Try it:
Transcribe the listing in full, excluding any pictures.

Data:
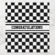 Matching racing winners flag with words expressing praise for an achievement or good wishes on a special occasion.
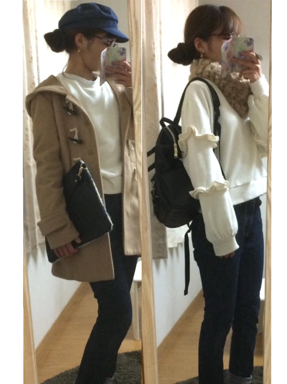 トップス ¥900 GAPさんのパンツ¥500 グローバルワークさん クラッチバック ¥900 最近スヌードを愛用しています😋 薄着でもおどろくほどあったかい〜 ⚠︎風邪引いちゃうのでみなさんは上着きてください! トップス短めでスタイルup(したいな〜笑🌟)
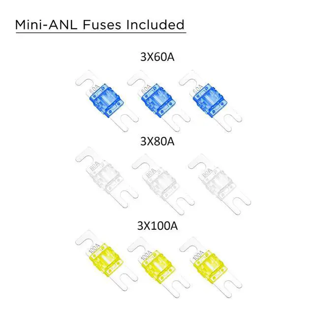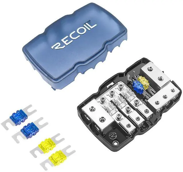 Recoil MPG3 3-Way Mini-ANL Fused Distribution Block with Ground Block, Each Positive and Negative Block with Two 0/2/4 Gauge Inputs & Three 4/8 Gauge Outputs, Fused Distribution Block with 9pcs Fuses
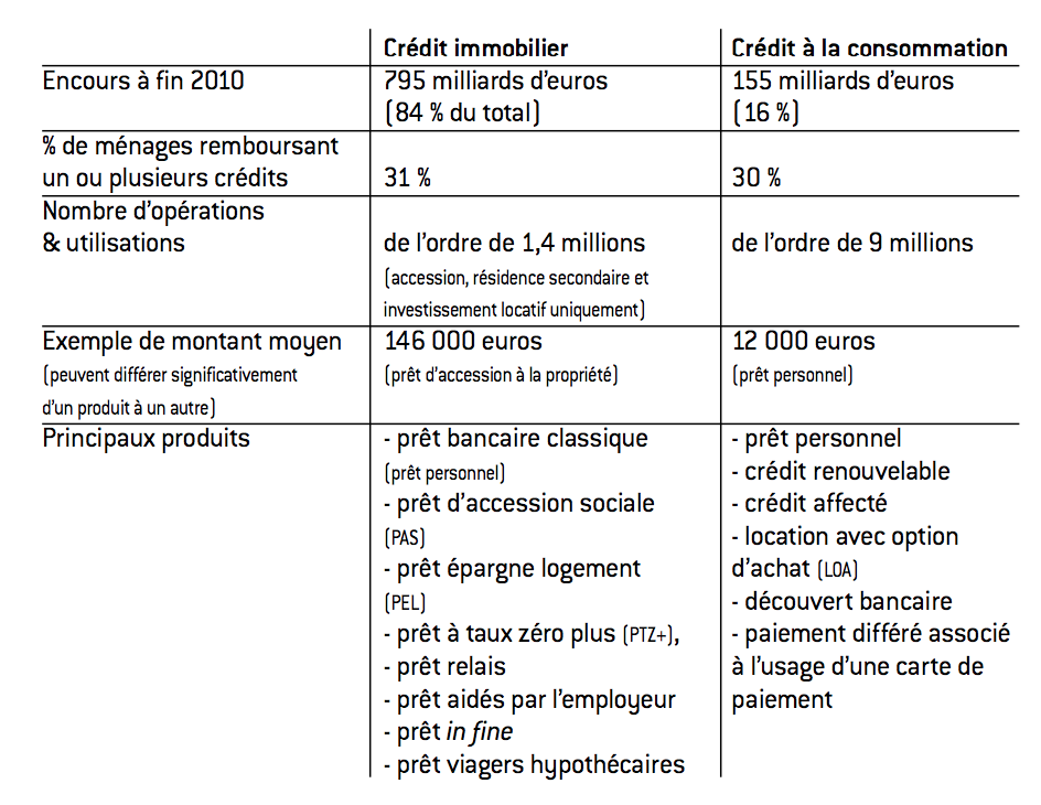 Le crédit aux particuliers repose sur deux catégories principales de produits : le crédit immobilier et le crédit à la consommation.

Your response:
 Matching racing winners flag with words expressing praise for an achievement or good wishes on a special occasion.
 トップス ¥900 GAPさんのパンツ¥500 グローバルワークさん クラッチバック ¥900 最近スヌードを愛用しています😋 薄着でもおどろくほどあったかい〜 ⚠︎風邪引いちゃうのでみなさんは上着きてください! トップス短めでスタイルup(したいな〜笑🌟)
 Recoil MPG3 3-Way Mini-ANL Fused Distribution Block with Ground Block, Each Positive and Negative Block with Two 0/2/4 Gauge Inputs & Three 4/8 Gauge Outputs, Fused Distribution Block with 9pcs Fuses
 Le crédit aux particuliers repose sur deux catégories principales de produits : le crédit immobilier et le crédit à la consommation.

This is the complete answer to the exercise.